MessagesState is a built-in state that uses add_messages as its reducer. Messages are appended — never replaced. It's the standard choice for chat/agent applications. For custom state, extend it or define your own TypedDict.

🌐Gemini — Vertex AI

from langchain_google_vertexai import ChatVertexAI
from google.auth import default as gauth

# ── Auth: Application Default Credentials (recommended) ─────
# Run once locally: gcloud auth application-default login
# In GCP (Cloud Run / GKE): uses attached service account automatically

credentials, project = gauth()

# ── Model init ──────────────────────────────────────────────
llm = ChatVertexAI(
    model="gemini-2.0-flash",      # or "gemini-2.0-pro", "gemini-1.5-pro"
    project="my-gcp-project",
    location="us-central1",
    temperature=0.1,
    max_output_tokens=4096,
    streaming=True,                  # enable token streaming
)

# ── With tools ──────────────────────────────────────────────
llm_with_tools = llm.bind_tools(tools)

# ── Gemini native grounding (Google Search) ─────────────────
from langchain_google_vertexai.model_garden import ChatAnthropicVertex
from vertexai.generative_models import Tool, grounding

# Enable Vertex AI Search grounding on the model
grounding_tool = Tool.from_google_search_retrieval(
    google_search_retrieval=grounding.GoogleSearchRetrieval()
)

llm_grounded = ChatVertexAI(
    model="gemini-2.0-flash",
    project="my-gcp-project",
    location="us-central1",
    tools=[grounding_tool],           # native Vertex AI grounding
)

Vertex AI Agent Engine (managed deployment)

import vertexai
from vertexai.preview import reasoning_engines

vertexai.init(project="my-project", location="us-central1")

# Wrap compiled graph in AgentEngine
app = reasoning_engines.AdkApp(
    agent=graph,
    enable_tracing=True,
)

# Deploy to Vertex AI Agent Engine
remote_app = reasoning_engines.ReasoningEngine.create(
    app,
    requirements=["langgraph>=1.0", "langchain-google-vertexai"],
    display_name="my-agent",
)

# Invoke remotely
response = remote_app.query(input="What is the exchange rate for USD/INR?")

☁️GPT — Azure OpenAI

from langchain_openai import AzureChatOpenAI
import os

# ── Azure OpenAI init ────────────────────────────────────────
llm = AzureChatOpenAI(
    azure_deployment="gpt-4o",           # your deployment name in Azure
    azure_endpoint=os.environ["AZURE_OPENAI_ENDPOINT"],
    api_key=os.environ["AZURE_OPENAI_API_KEY"],
    api_version="2025-01-01-preview",     # use latest stable API version
    temperature=0,
    streaming=True,
    max_retries=3,
)

# ── With tools ──────────────────────────────────────────────
llm_with_tools = llm.bind_tools(tools)

# ── Azure env var pattern (recommended) ─────────────────────
# Set in .env / Key Vault / CI secret, never in code:
# AZURE_OPENAI_ENDPOINT = https://my-resource.openai.azure.com/
# AZURE_OPENAI_API_KEY  = <key>
# OPENAI_API_VERSION    = 2025-01-01-preview
# When these are set, AzureChatOpenAI() picks them up automatically.

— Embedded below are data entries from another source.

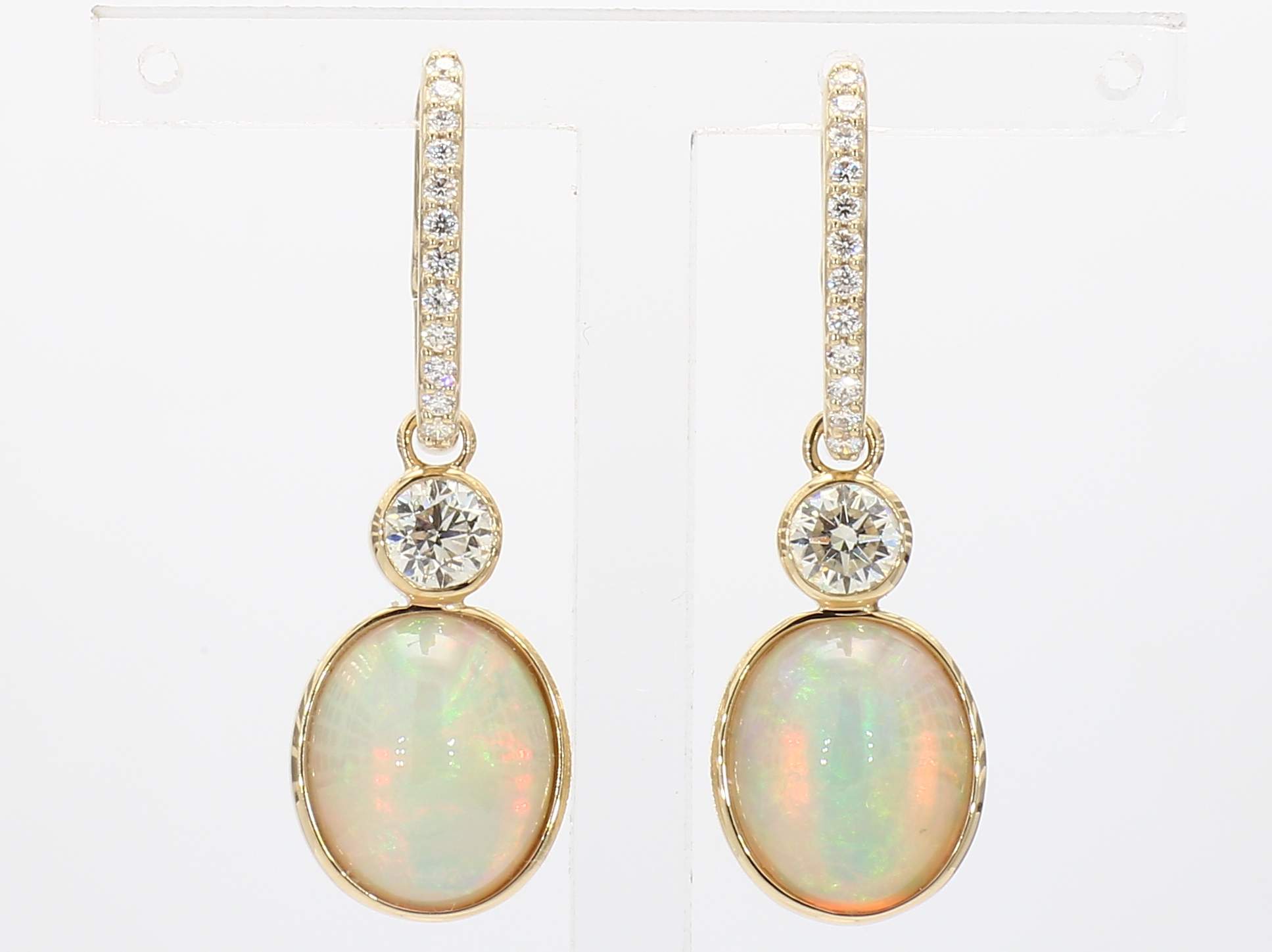 OVAL OPAL & ROUND DIAMOND 14KY EARRING
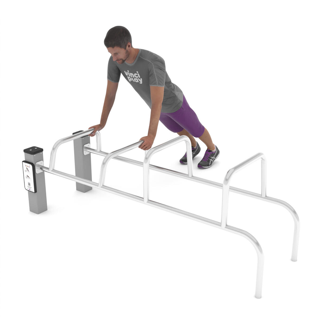 Workout är en serie träningsredskap främst avsedda för träning med kroppsvikten som utgångspunkt. Bas i pulvergalvaniserat och pulverlackerat stål. Färgen silver (-99) är tillverkad helt i rostfritt stål. Har en aluminiumskylt med träningsinstruktioner och QR-kod som leder till ett kort videoklipp med instruktioner. Leverantörens artikelnummer Workout 2301
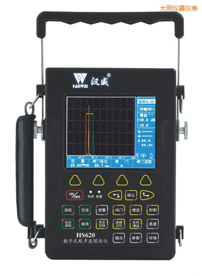 HS620數(shù)字式超聲波檢測(cè)儀 技術(shù)參數(shù): 數(shù)字硬件采樣頻率:10bit/200MHz 脈沖強(qiáng)度:600V 阻抗匹配:200Ω、500Ω二檔可選 工作方式:?jiǎn)尉絺、雙晶探傷 掃描范圍:零界面入射~ 12000mm鋼縱波 重復(fù)頻率:15Hz、30Hz、60Hz、100Hz、200Hz、300Hz、400Hz、500Hz、400Hz 檢波方式:全檢波、正、負(fù)檢波、射頻波顯示 工作頻率:(0.5-15/0.5-4/2-8)MHz 衰減器精度:< ±1dB/12dB 增益調(diào)節(jié):110dB(0.1dB、2dB、6dB步進(jìn),c掃描超聲波探傷儀,全自動(dòng)調(diào)節(jié)) 聲速范圍:(100 ~ 20000)m/s 動(dòng)態(tài)范圍:≥ 30dB 垂直線性誤差:≤ 3% 水平線性誤差:≤ 0.1% 分辨力:>40dB(5N14) 靈敏度余量:>60dB(深200mmΦ2平底孔) 數(shù)字抑制:(0 ~ 80)%,不影響線性與增益 電源、電壓:直流(DC)7.2V±10%;交流(AC)220V±10% 工作時(shí)間:連續(xù)工作6小時(shí)以上(鋰電池供電) 環(huán)境溫度:(-10 ~ 40)℃(參考值) 相對(duì)濕度:(20 ~ 95)% RH 外型尺寸:205 x 138 x 65(mm)
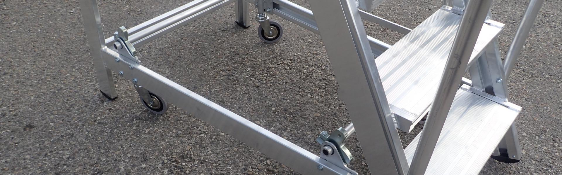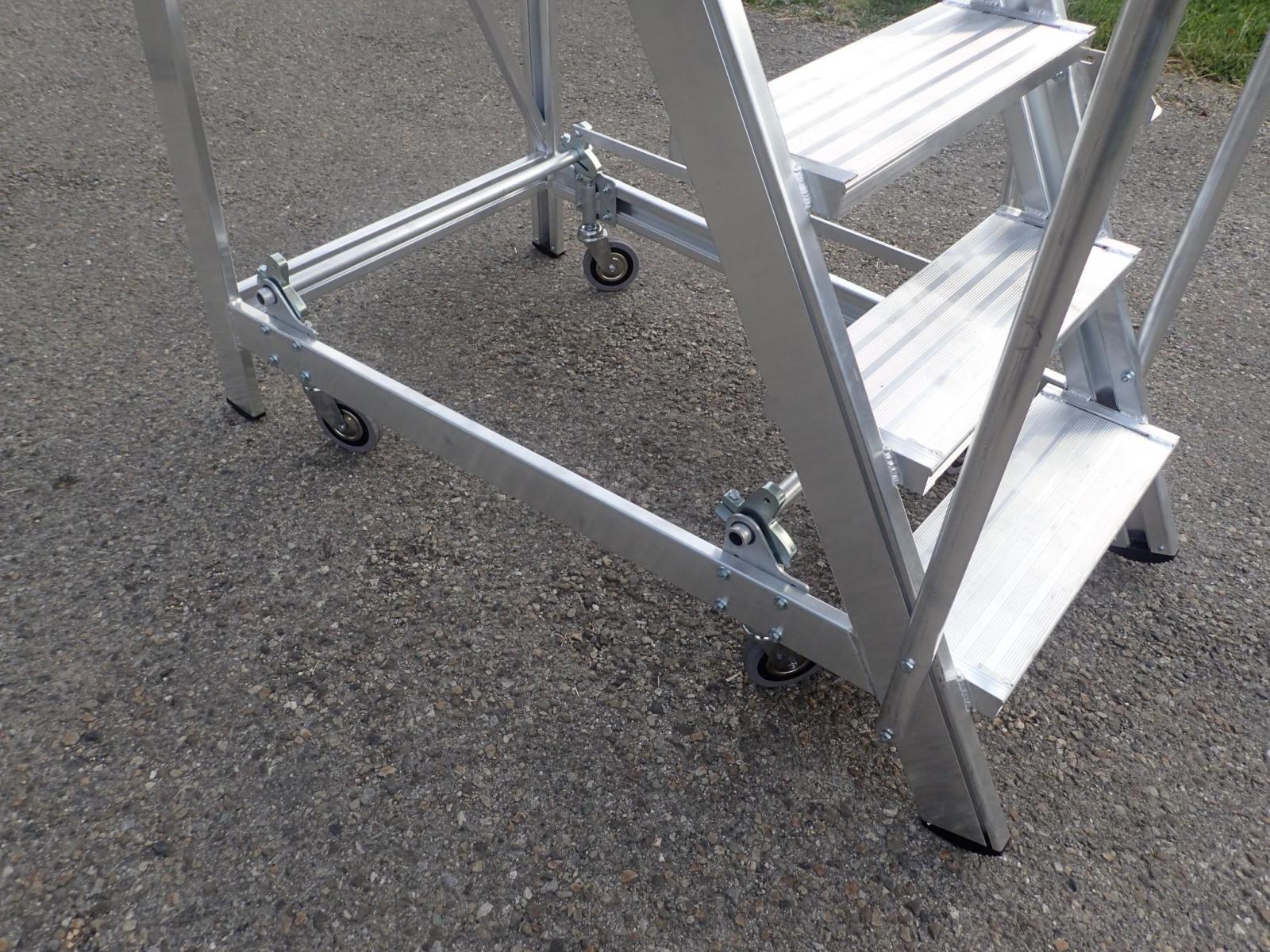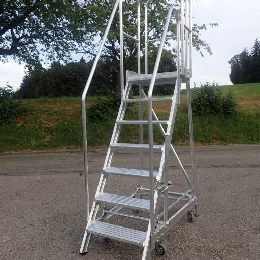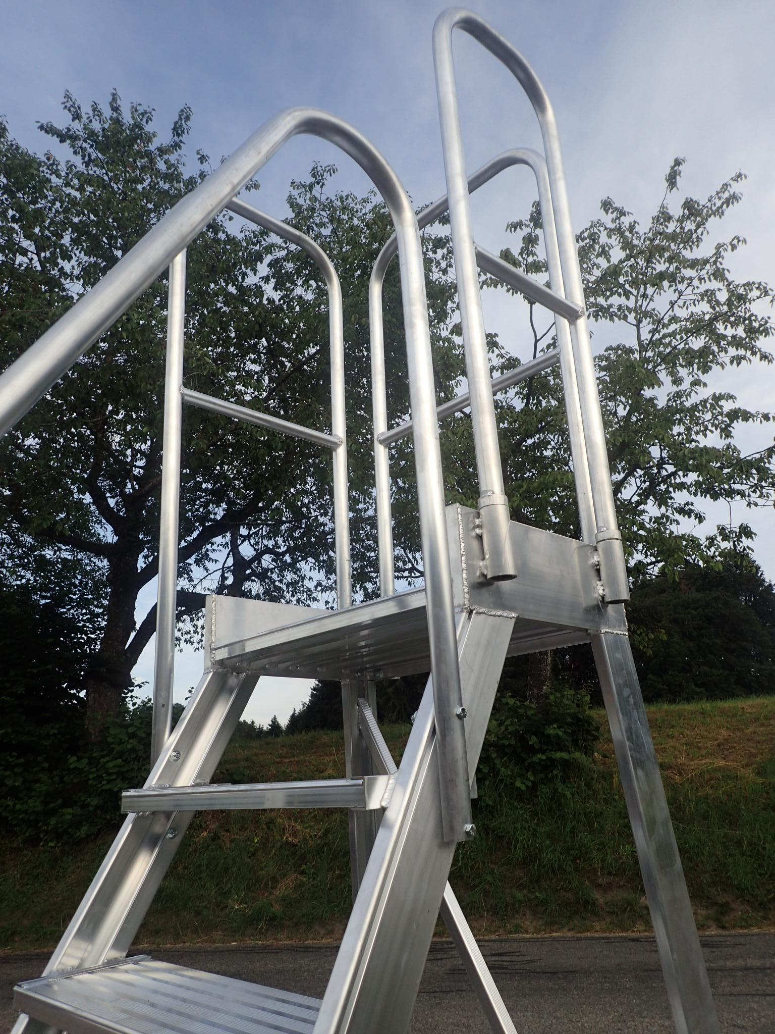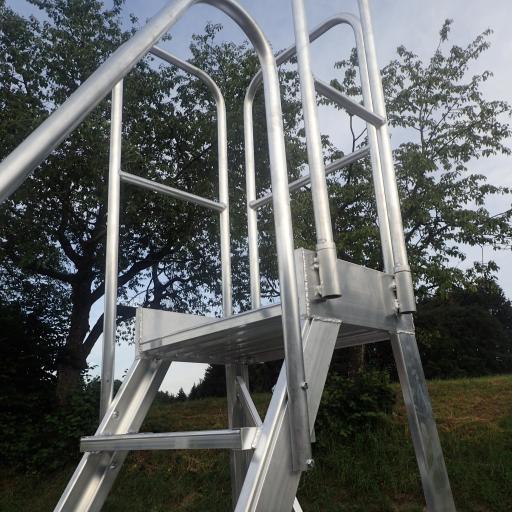 Die ganze Konstruktion ist aus Aluminium (roh) gefertigt. Die Neigung der Treppe ist 60 Grad. Die Podesttreppe weisst beidseitig Geländer auf und die Stufen sind mit einem längsgerillten Antirutschprofil versehen. Belastbarkeit ist bei 150 Kilogramm angegeben.

# ── Azure with Managed Identity (prod, no key in env) ───────
from azure.identity import DefaultAzureCredential, get_bearer_token_provider
from langchain_openai import AzureChatOpenAI

token_provider = get_bearer_token_provider(
    DefaultAzureCredential(),
    "https://cognitiveservices.azure.com/.default"
)

llm_managed = AzureChatOpenAI(
    azure_deployment="gpt-4o",
    azure_endpoint=os.environ["AZURE_OPENAI_ENDPOINT"],
    api_version="2025-01-01-preview",
    azure_ad_token_provider=token_provider,  # no API key needed
    temperature=0,
)

⚡Multi-Model Patterns

Route different nodes to different models. Use a fast/cheap model for routing decisions, a powerful model for generation, a local model for sensitive data.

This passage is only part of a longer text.